**WORK TASK**
From the first line of the material to the line containing "plus de jeu.", inclusive, write out each line exactly, leaving out the pictures.

**GIVEN ENTRIES**
============================================================

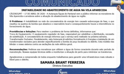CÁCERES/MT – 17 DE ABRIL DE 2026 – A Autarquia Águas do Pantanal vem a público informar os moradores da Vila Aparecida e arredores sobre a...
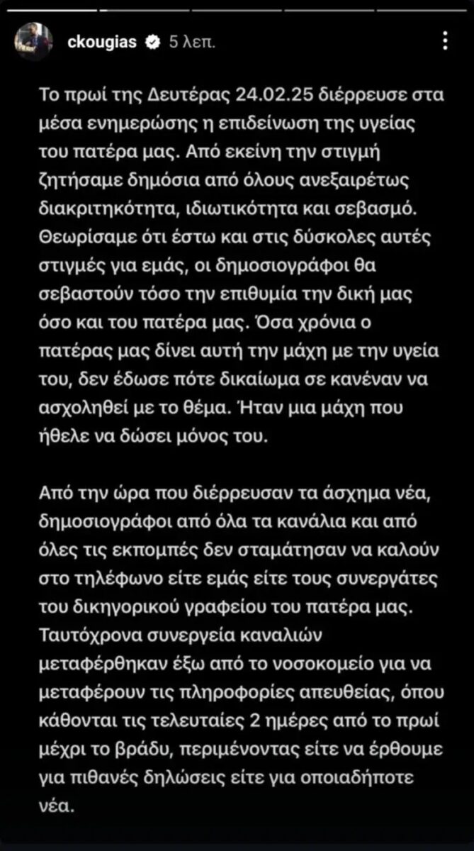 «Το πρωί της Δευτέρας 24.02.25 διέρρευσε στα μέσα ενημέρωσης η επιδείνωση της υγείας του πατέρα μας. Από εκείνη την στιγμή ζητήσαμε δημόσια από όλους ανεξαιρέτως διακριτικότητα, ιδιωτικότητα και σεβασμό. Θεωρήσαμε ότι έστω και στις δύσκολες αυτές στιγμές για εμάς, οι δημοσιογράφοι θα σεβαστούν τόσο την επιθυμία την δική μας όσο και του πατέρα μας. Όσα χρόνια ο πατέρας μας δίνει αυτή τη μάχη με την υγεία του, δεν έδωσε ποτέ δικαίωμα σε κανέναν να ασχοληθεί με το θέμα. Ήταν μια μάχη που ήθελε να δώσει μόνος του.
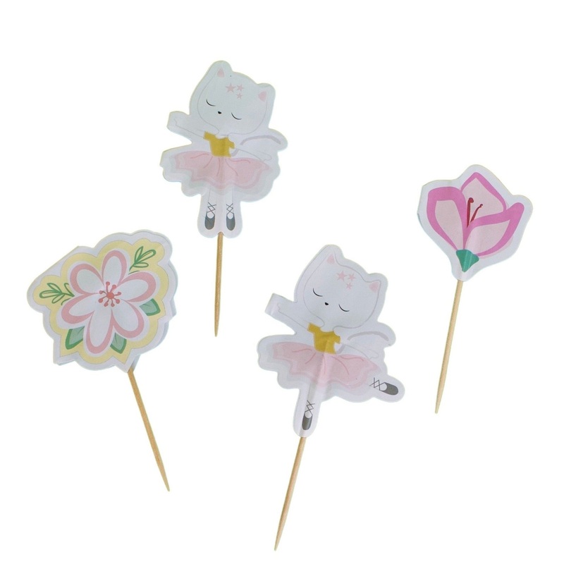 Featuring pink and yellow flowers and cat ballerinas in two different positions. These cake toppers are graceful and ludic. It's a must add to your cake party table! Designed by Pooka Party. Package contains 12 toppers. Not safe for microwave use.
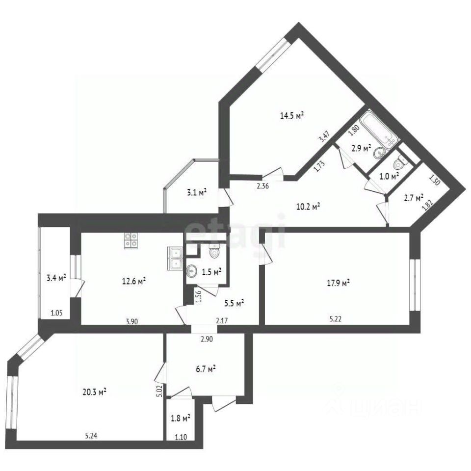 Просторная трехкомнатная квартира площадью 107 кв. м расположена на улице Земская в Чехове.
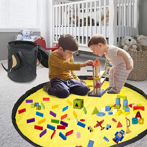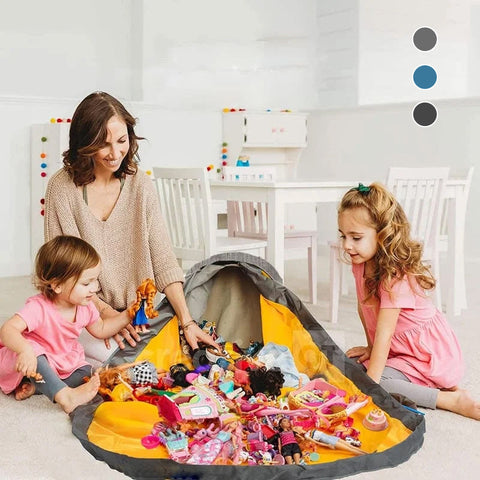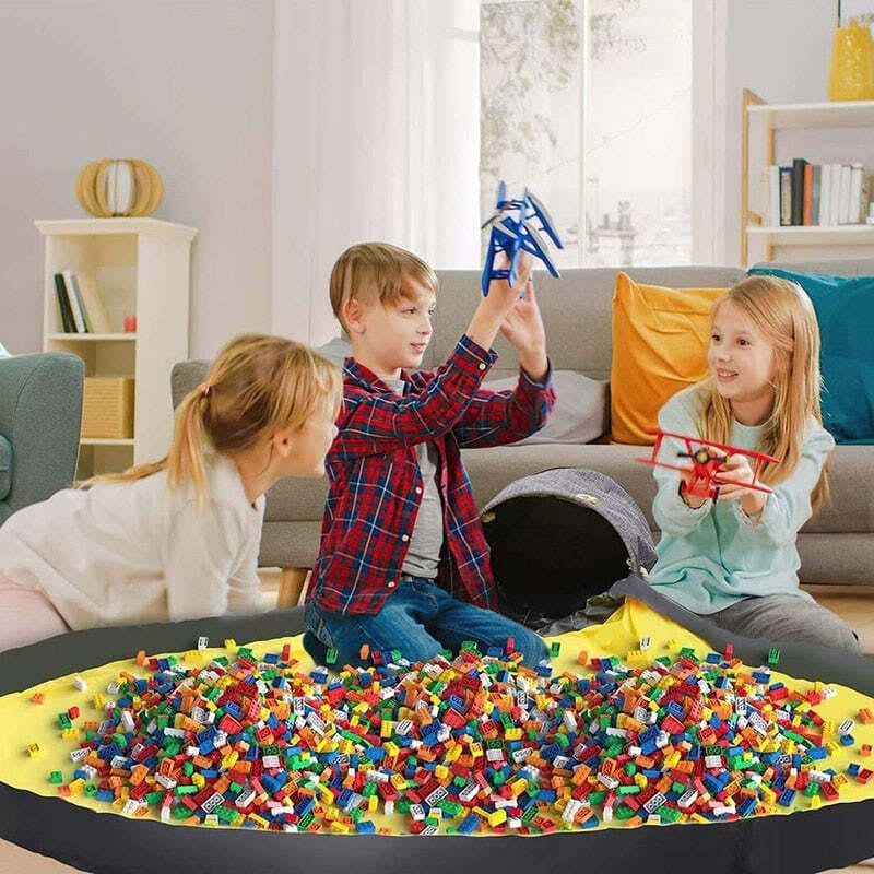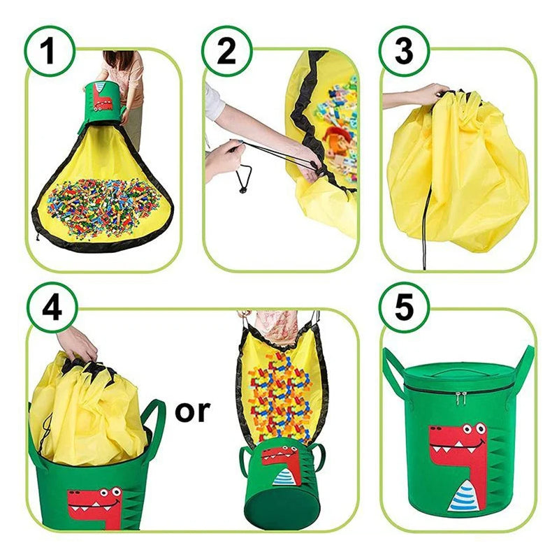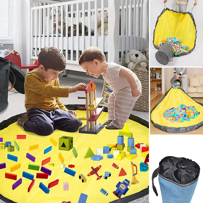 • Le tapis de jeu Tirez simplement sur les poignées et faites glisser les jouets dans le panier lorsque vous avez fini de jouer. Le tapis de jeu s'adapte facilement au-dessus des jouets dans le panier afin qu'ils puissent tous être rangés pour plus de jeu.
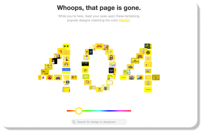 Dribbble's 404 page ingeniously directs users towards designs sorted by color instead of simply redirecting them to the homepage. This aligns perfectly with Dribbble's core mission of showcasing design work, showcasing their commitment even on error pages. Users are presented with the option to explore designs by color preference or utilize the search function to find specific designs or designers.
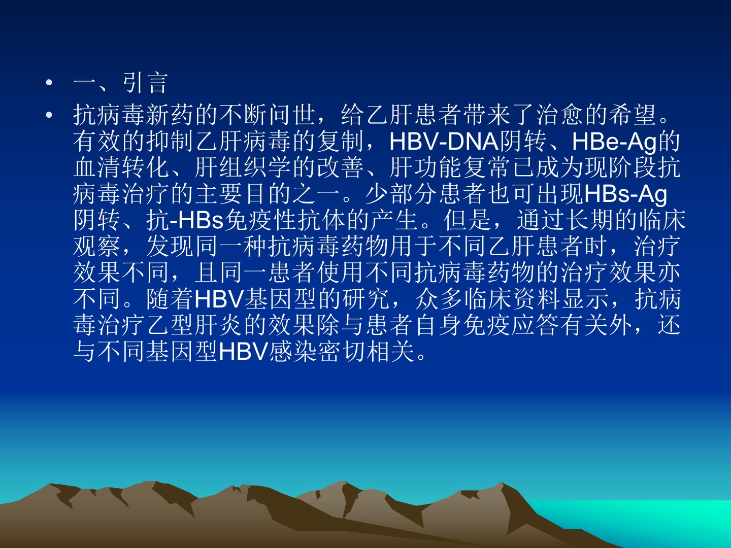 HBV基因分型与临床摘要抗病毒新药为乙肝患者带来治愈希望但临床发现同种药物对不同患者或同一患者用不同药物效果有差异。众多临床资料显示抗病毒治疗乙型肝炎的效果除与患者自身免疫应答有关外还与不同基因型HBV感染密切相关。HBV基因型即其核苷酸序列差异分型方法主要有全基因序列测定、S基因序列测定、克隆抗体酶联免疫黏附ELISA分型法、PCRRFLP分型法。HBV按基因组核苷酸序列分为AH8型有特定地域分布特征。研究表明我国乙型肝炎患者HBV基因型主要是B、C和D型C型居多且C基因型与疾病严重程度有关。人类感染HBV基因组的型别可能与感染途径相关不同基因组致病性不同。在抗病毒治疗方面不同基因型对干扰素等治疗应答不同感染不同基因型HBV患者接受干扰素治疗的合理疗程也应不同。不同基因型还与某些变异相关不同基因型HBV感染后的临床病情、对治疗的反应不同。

============================================================

**OUTPUT**
CÁCERES/MT – 17 DE ABRIL DE 2026 – A Autarquia Águas do Pantanal vem a público informar os moradores da Vila Aparecida e arredores sobre a...
 «Το πρωί της Δευτέρας 24.02.25 διέρρευσε στα μέσα ενημέρωσης η επιδείνωση της υγείας του πατέρα μας. Από εκείνη την στιγμή ζητήσαμε δημόσια από όλους ανεξαιρέτως διακριτικότητα, ιδιωτικότητα και σεβασμό. Θεωρήσαμε ότι έστω και στις δύσκολες αυτές στιγμές για εμάς, οι δημοσιογράφοι θα σεβαστούν τόσο την επιθυμία την δική μας όσο και του πατέρα μας. Όσα χρόνια ο πατέρας μας δίνει αυτή τη μάχη με την υγεία του, δεν έδωσε ποτέ δικαίωμα σε κανέναν να ασχοληθεί με το θέμα. Ήταν μια μάχη που ήθελε να δώσει μόνος του.
 Featuring pink and yellow flowers and cat ballerinas in two different positions. These cake toppers are graceful and ludic. It's a must add to your cake party table! Designed by Pooka Party. Package contains 12 toppers. Not safe for microwave use.
 Просторная трехкомнатная квартира площадью 107 кв. м расположена на улице Земская в Чехове.
 • Le tapis de jeu Tirez simplement sur les poignées et faites glisser les jouets dans le panier lorsque vous avez fini de jouer. Le tapis de jeu s'adapte facilement au-dessus des jouets dans le panier afin qu'ils puissent tous être rangés pour plus de jeu.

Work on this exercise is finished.